Subscribe to Deepcontext (Semantic Code Search)'s security advisories and vulnerability disclosures. Use Nerq's API to get automated trust score updates.
Create and maintain a clear policy for how Deepcontext (Semantic Code Search) is used within your organization, including data handling guidelines and acceptable use cases.
When Should You Avoid Deepcontext (Semantic Code Search)?
Even promising tools aren't right for every situation. Consider avoiding Deepcontext (Semantic Code Search) in these scenarios:
- Production environments handling sensitive customer data
- Regulated industries (healthcare, finance, government) without additional compliance review
- Mission-critical systems where downtime has significant business impact
For each scenario, evaluate whether Deepcontext (Semantic Code Search)'s trust score of 45.2/100 meets your organization's risk tolerance. We recommend running a manual security assessment alongside the automated Nerq score.
How Deepcontext (Semantic Code Search) Compares to Industry Standards
Nerq indexes over 6 million software tools, apps, and packages across dozens of categories. Among uncategorized tools, the average Trust Score is 62/100. Deepcontext (Semantic Code Search)'s score of 45.2/100 is below the category average of 62/100.
This suggests that Deepcontext (Semantic Code Search) trails behind many comparable uncategorized tools. Organizations with strict security requirements should evaluate whether higher-scoring alternatives better meet their needs.
Industry benchmarks matter because they contextualize a tool's safety profile. A score that looks moderate in isolation may actually represent strong performance within a challenging category — or vice versa. Nerq's category-relative analysis helps teams make informed decisions by showing not just absolute quality, but how a tool ranks against its direct peers.
Trust Score History
Nerq continuously monitors Deepcontext (Semantic Code Search) and recalculates its Trust Score as new data becomes available. Our scoring engine ingests real-time signals from source repositories, vulnerability databases (NVD, OSV.dev), package registries, and community metrics. When a new CVE is published, a major release ships, or maintenance patterns change, Deepcontext (Semantic Code Search)'s score is updated within 24 hours.
Historical trust trends reveal whether a tool is improving, stable, or declining over time. A tool that consistently maintains or improves its score demonstrates ongoing commitment to security and quality. Conversely, a downward trend may signal reduced maintenance, growing technical debt, or unresolved vulnerabilities. To track Deepcontext (Semantic Code Search)'s score over time, use the Nerq API: GET nerq.ai/v1/preflight?target=DeepContext (Semantic Code Search)&include=history
Nerq retains trust score snapshots at regular intervals, enabling trend analysis across weeks and months.

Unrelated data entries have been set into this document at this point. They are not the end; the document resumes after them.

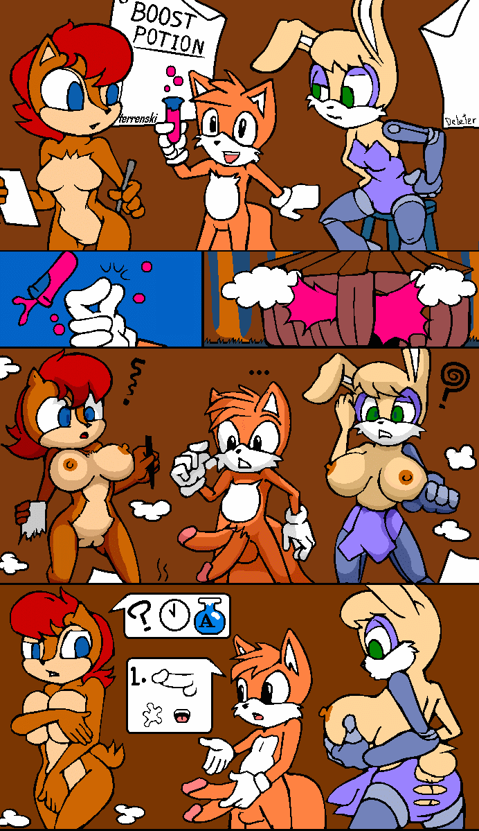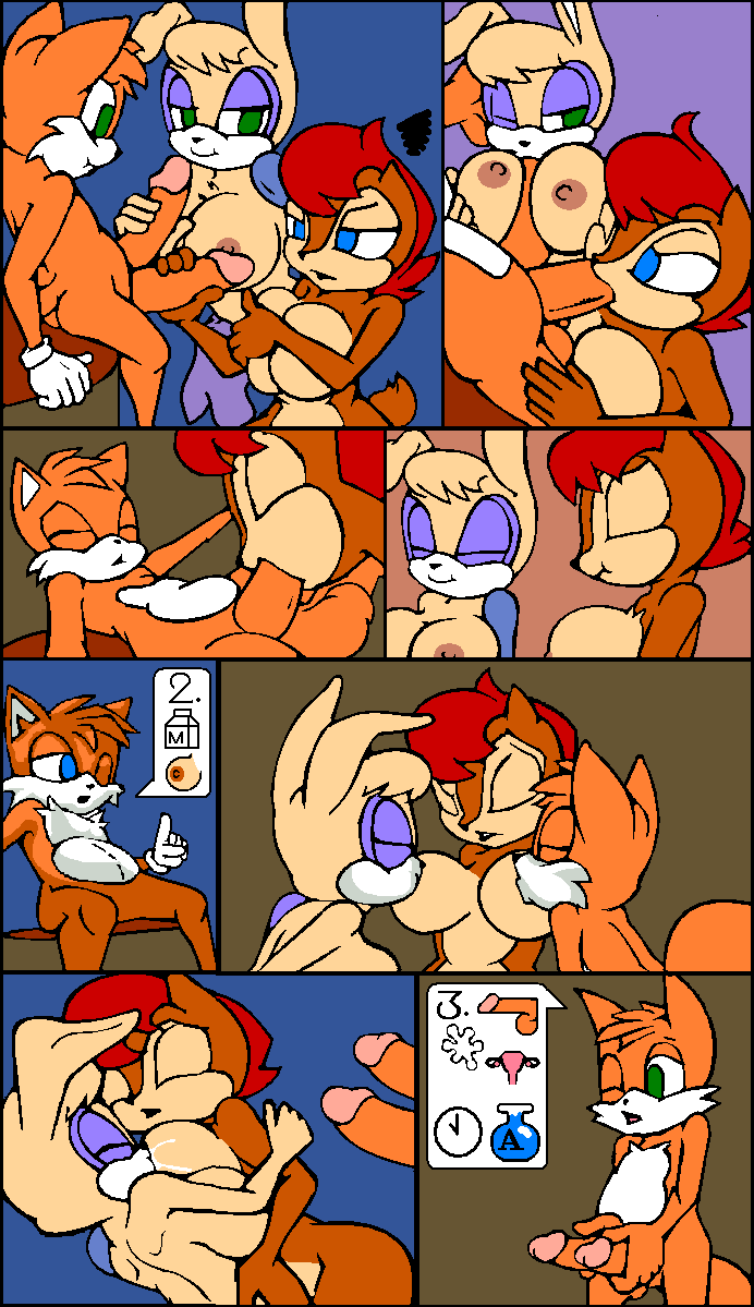 A Tails se le ha ocurrido hacer una poción, pero no ha manipulado bien la fórmula, ya que ha hecho explotar todo. Pero estas no han sido las únicas consecuencias. A Tails le han crecido dos pollas muy largas; a Sally le han crecido los pechos y un coño muy abultado, y a Bunnie también le han crecido mucho los pechos, haciendo que su body se desprenda.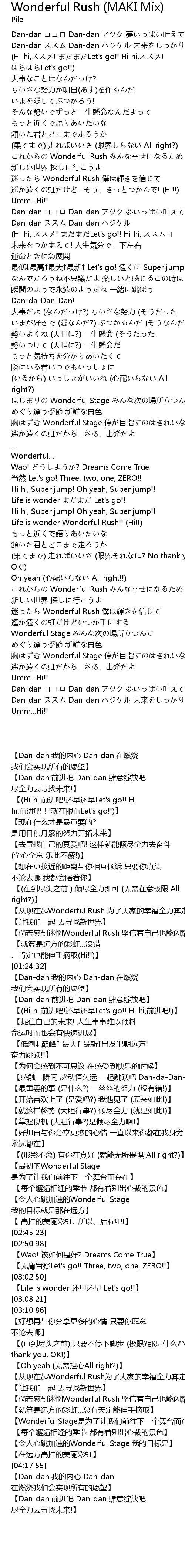 | [03:53.44] | Wonderful Stage みんな次の場所立つんだ |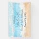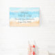 Personalized coastal themed wedding banner with bride and groom names and wedding date and a background of blue ocean waves and sandy beach.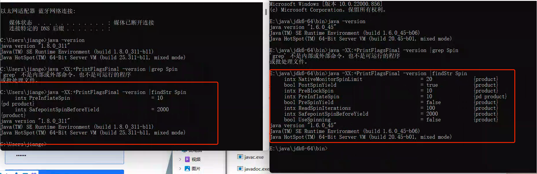 jdk8和jdk6对应默认参数的配置情况,通过java -XX:+PrintFlagsFinal -version | findStr Spin指令进行查看,如图: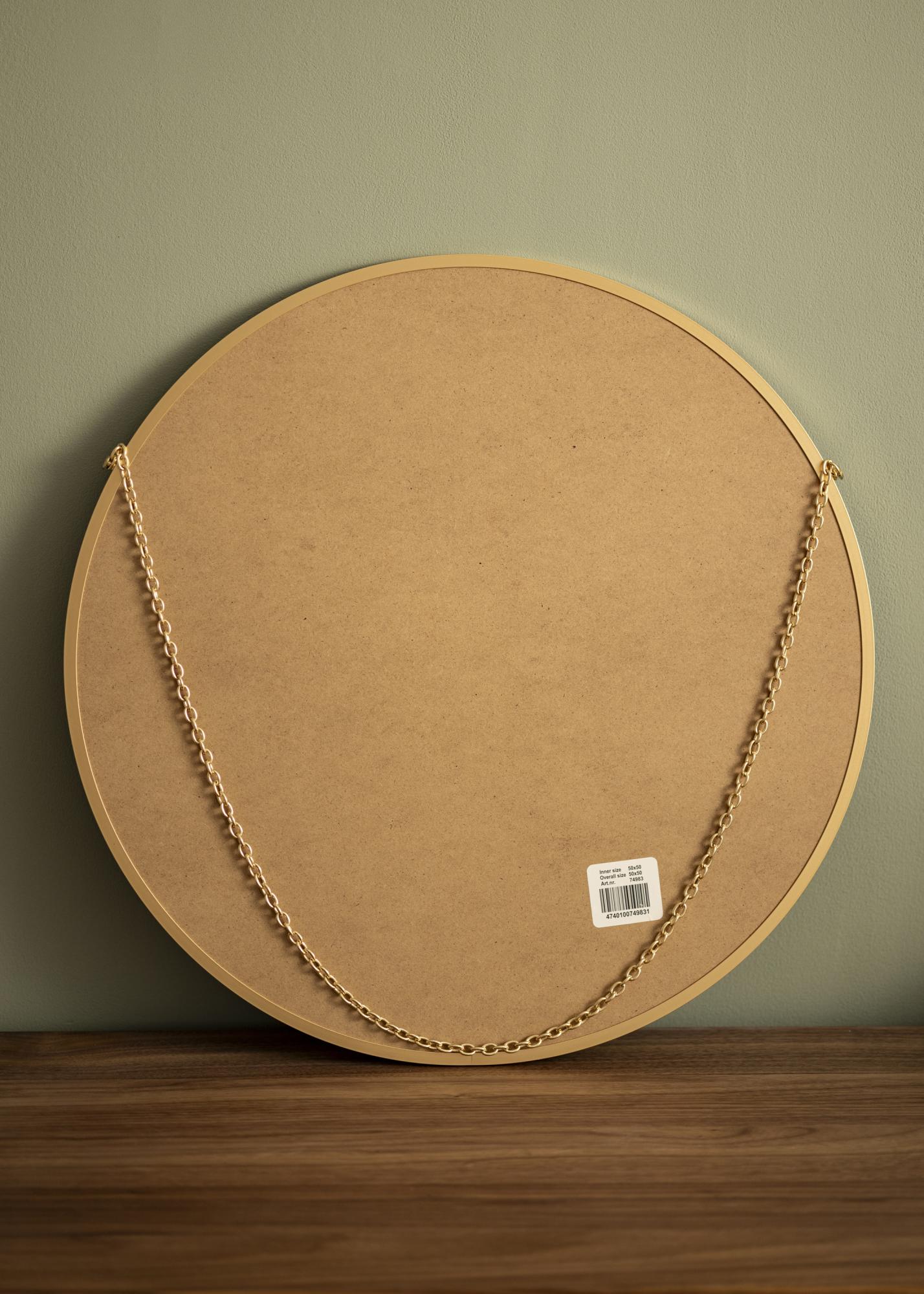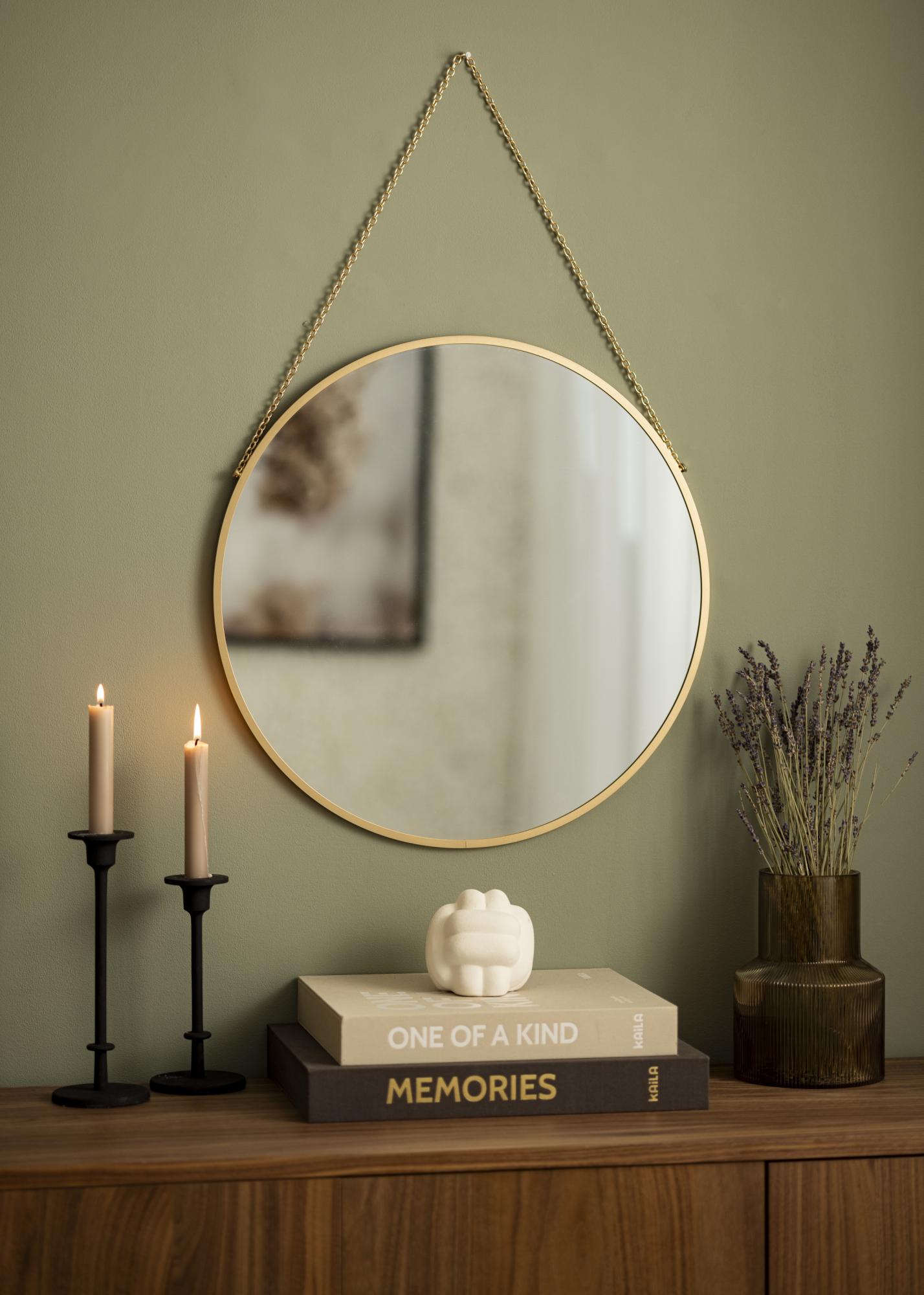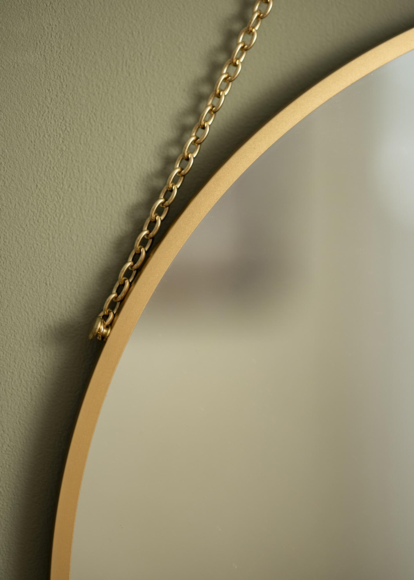 Add a touch of elegance to your home with this beautiful wall mirror! Its circular shape and depth of only 8 mm give this mirror a sophisticated appearance. The frame, which is made from metal, comes in an exclusive gold colour as does the elegant gold chain used for hanging the mirror.

Enterprise users can access detailed historical reports showing how each dimension — security, maintenance, documentation, compliance, and community — has evolved independently, providing granular visibility into which aspects of Deepcontext (Semantic Code Search) are strengthening or weakening over time.
Key Takeaways
- Deepcontext (Semantic Code Search) has a Trust Score of 45.2/100 (D) and is not yet Nerq Verified.
- Deepcontext (Semantic Code Search) has significant trust gaps. Consider higher-rated alternatives unless specific requirements mandate its use.

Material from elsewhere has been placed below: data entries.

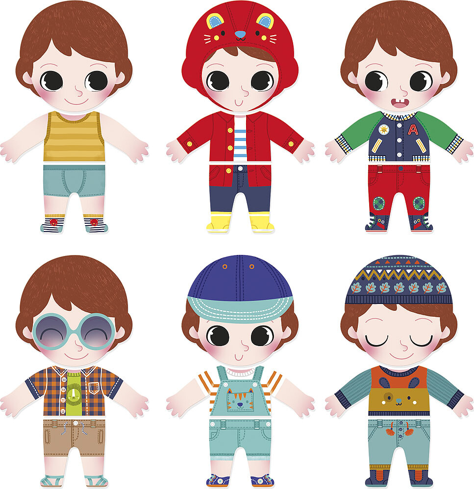 Påklędningsdukke Sacha, designet af Stéfanie Rousseau. Den fine trę-ęske indeholder 6...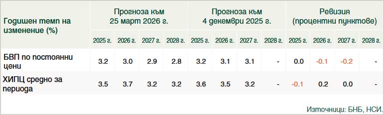 Спрямо прогнозата от декември 2025 г. БНБ очаква по-нисък растеж на реалния БВП за 2026 г. и 2027 г. Ревизията с 0.1 процентни пункта за 2026 г. се дължи на по-нисък растеж на износа на стоки предвид по-силната от първоначално очакваната реализация на износа през втората половина на 2025 г. и повишената несигурност във външната среда. Тези фактори, в комбинация с наблюдаваното влошаване на бизнес климата в края на 2025 г., са предпоставка и за по-слаб растеж на частните инвестиции през 2026 г. За 2027 г. растежът на реалния БВП е понижен с 0.2 процентни пункта, което се определя от очаквано по-ниско потребление на правителството.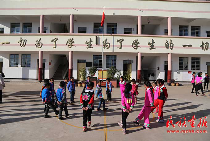 看過(guò)臘灣民族小學(xué)課間操的人都會(huì)說(shuō):“臘灣民族小學(xué)的課間操都是跳出來(lái)的?!比欢瑢?duì)于這所雙語(yǔ)教學(xué)的民族小學(xué)來(lái)說(shuō),其民族特色遠(yuǎn)不止于此。穿彝族傳統(tǒng)服裝、講彝語(yǔ)也是這里的教育特色。

- Among uncategorized tools, Deepcontext (Semantic Code Search) scores below the category average of 62/100, suggesting room for improvement relative to peers.
- Always verify safety independently — use Nerq's Preflight API for automated, up-to-date trust checks before integration.

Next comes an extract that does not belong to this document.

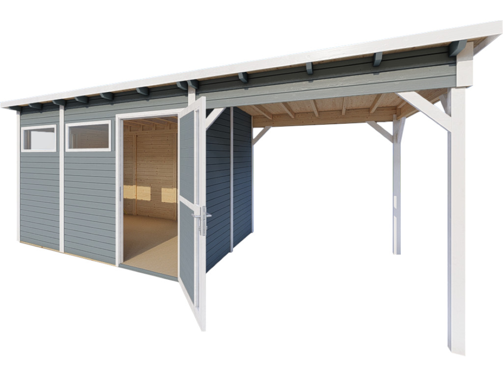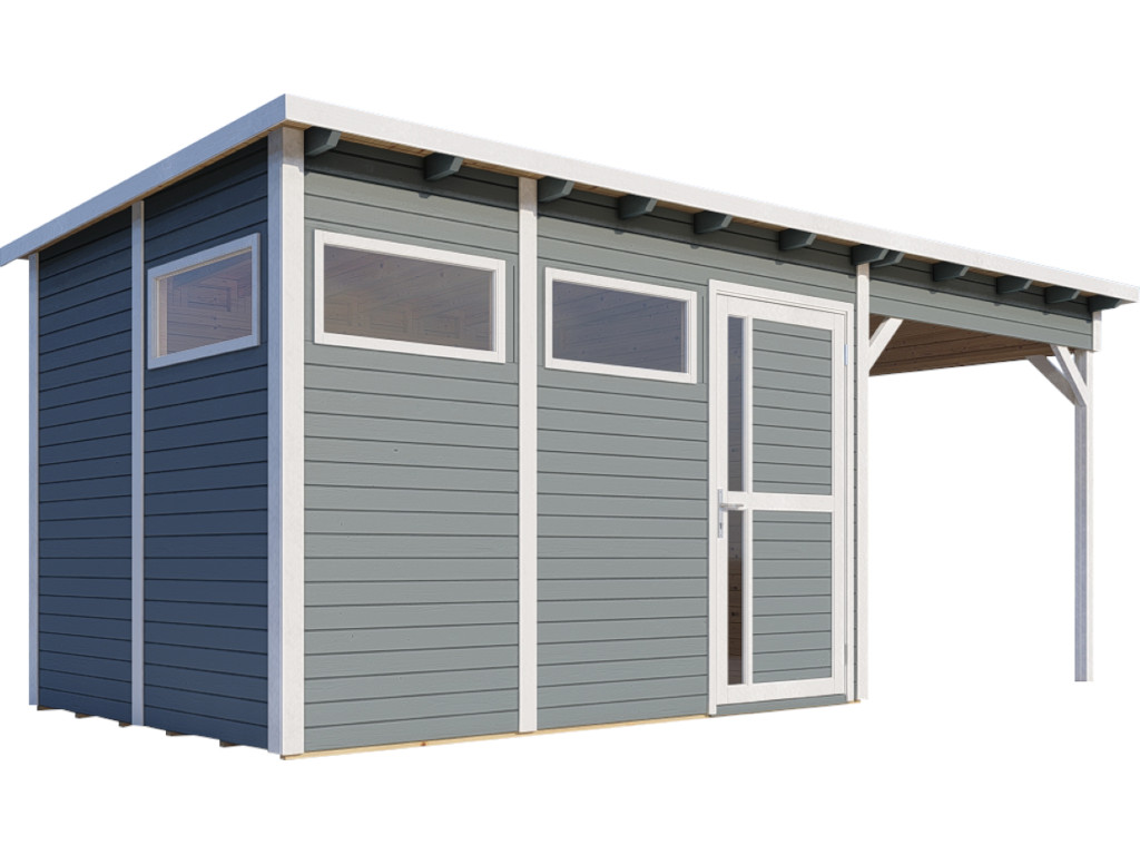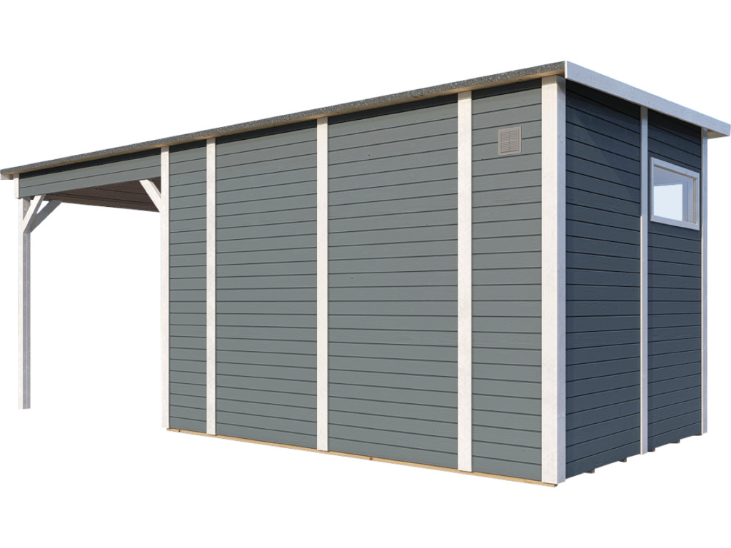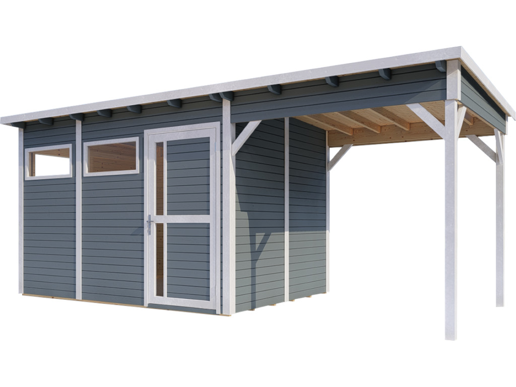 Gartenhaus Punta 3 mit Anbau 19 mm hellgrau
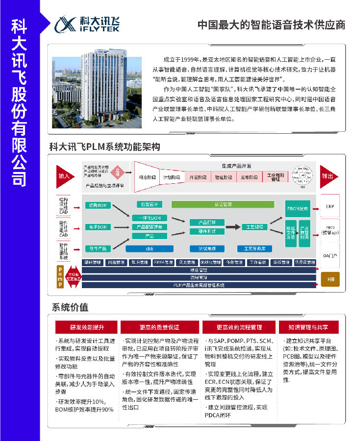 科大讯飞股份有限公司是国际知名的智能语音和人工智能上市企业,其产品在全球范围内广受欢迎,技术水平始终保持国际前沿。科大讯飞利用SIPM/PLM系统,实现IPD+APQP研发流程,机械、电子、软件、包装数据的一体化有机管控,极大地丰富和深化了SIPM/PLM高科技电子行业解决方案,在高科技消费电子行业具有显著的引领示范效应。实现了基于多个国际监管规定的物料合规性申请、合法判断与应用合规的全链条管控,对TO C领域的大型制造业企业具有极强的示范意义。

Frequently Asked Questions
Is Deepcontext (Semantic Code Search) safe to use?
What is Deepcontext (Semantic Code Search)'s trust score?
What are safer alternatives to Deepcontext (Semantic Code Search)?
How often is Deepcontext (Semantic Code Search)'s safety score updated?
Can I use Deepcontext (Semantic Code Search) in a regulated environment?
Disclaimer: Nerq trust scores are automated assessments based on publicly available signals. They are not endorsements or guarantees. Always conduct your own due diligence.